For a host of reasons, the whats, whys and wherefores of Hungarian viticulture, eastern Europe’s most viticulturally oriented wine nation, are mostly unknown – the great white dessert wine Tokaji or maybe the fiery red called Egri Bikaver (Bull’s Blood) rank, but that’s where it all stops for most. And then there’s something called Somloi Juhfark. Yeah.

So just what the hell is Somloi Juhfark? Well, the first word is the Hungarian form of (“from the”) Somlo’ region which is situated in the northwestern section of Hungary, and Juhfark is the somewhat silly-sounding (at least to the Anglophone ear) for the region’s signature grape. The Somlo’ region is dominated by a large loaf-shaped mountain that rises from mostly flat land, and as it turns out, this feature is the remnants of an extinct volcano. Juhfark means “sheep’s tail” in Hungarian and the variety is so dubbed due to the fact that its berry bunches often resemble the shape of the rear appendage of said wooly creature.

To say that Jufark is not a run of the mill white grape variety is a dramatic understatement. In terms of it tendencies in the vineyard, it’s not the world’s fussiest vine variety, but it’s not exactly a weed either. Its yields are high, but it buds very early making it susceptible to late spring frosts and it can incur serious damage or even vine death from winter temepratures that drop too low. It is also quite prone to dampness-elicited ailments like botrytis and downy mildew. Thankfully, in addition to volcanic soils being a paradise for vines in terms of providing minerals and micro-nutrients, its loose, so-called “cold” characteristics make it exceptionally well-draining.

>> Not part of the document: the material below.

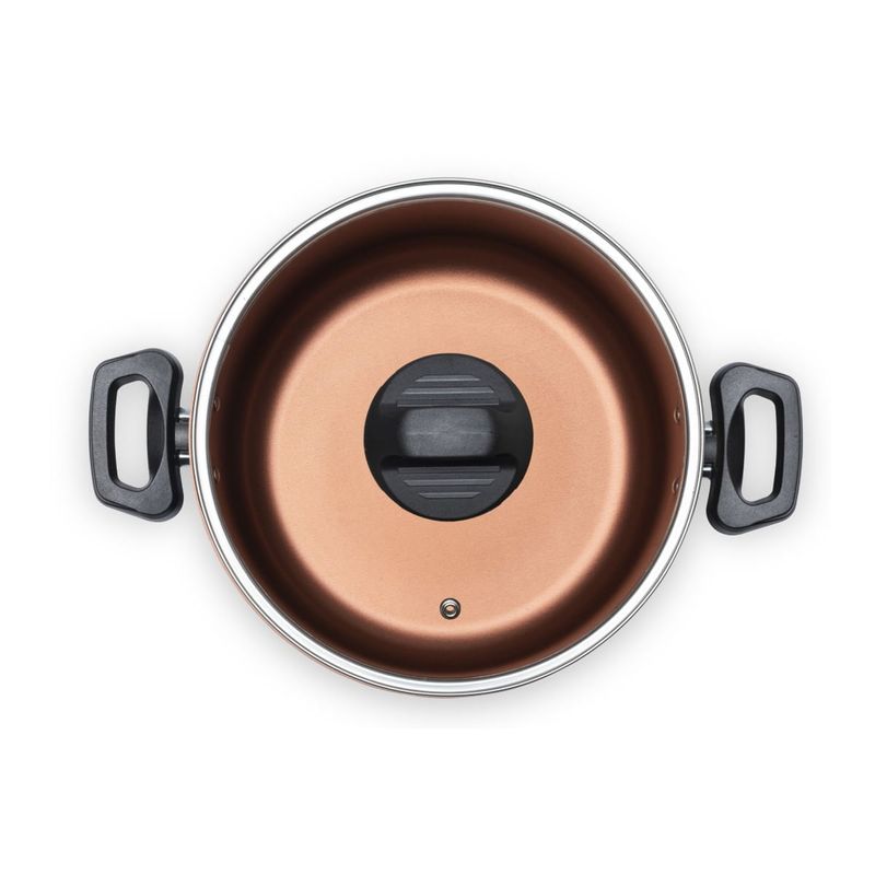 O alumínio da estrutura das panelas aquece os alimentos de maneira uniforme e acelera o processo de cocção, possibilitando que você fique menos tempo na cozinha e ainda economize gás e eletricidade. A linha é produzida no Brasil com energia proveniente de fonte 100% renovável.

The real issues with Juhfark however rest mostly in its basic nature. This is a very high acid variety that if not handled right, can be pinched and tough. But even assuming proper siting and a good vintage, this is a variety that absolutely REQUIRES at least a few years of aging for it to really blossom, and if that aging is done in wood, all the better (this particular wine is aged for three years in large, re-used Hungarian oak barrels). But Juhfark’s oddness doesn’t stop there. To really get the most from a Juhfark wine it needs lengthy aeration after the cork is pulled and a full and proper decanting is often the only way to achieve this.

In terms of character, Juhfark is weird. Period. As already mentioned, it is very high in acid, but also typically very high in alcohol as well (this one reaches 14.5%!) and it powerfully channels the smoky flavors from Somlo’ volcanic soils as well as possessing a powerful, sapid “twang” that no other grape anywhere can replicate, and there are more than a few drinkers that would say “thankfully”. This is not a to give to your Aunt Tilly if you get me…Juhfark is absolutely not Pinot Grigio or Chardonnay, and Juhfarking better believe it.

This is the sort of wine that should be served with a non-Hungarian menu under the penalty of incarceration or death, so to avoid these pains, I matched this truly unique wine with a cream of savoy cabbage soup followed by pork cutlets cooked with green beans, yellow banana pepper, white wine, sour cream, tomato, paprika et al. with potato dumplings on the side.





Fekete Pince Somlovasarhely Juhfark 2011

Seductive yellow/golden color. Super concentrated aromas of lemon oil, yellow pomegranate nectar, white currant jam, yellow flowers, sweet herbs, ginger, honey, toasted hazelnut and a touch of coal smoke. The palate is viscously full-bodied and very intense with a cutting and fiery but elegant acidity that beautifully balances big, powerful and luscious flavors of apricot, peach nectar, orange cream with a strong salty undertow. Very long and concentrated finish. The unquestionable paradigm for this region and variety.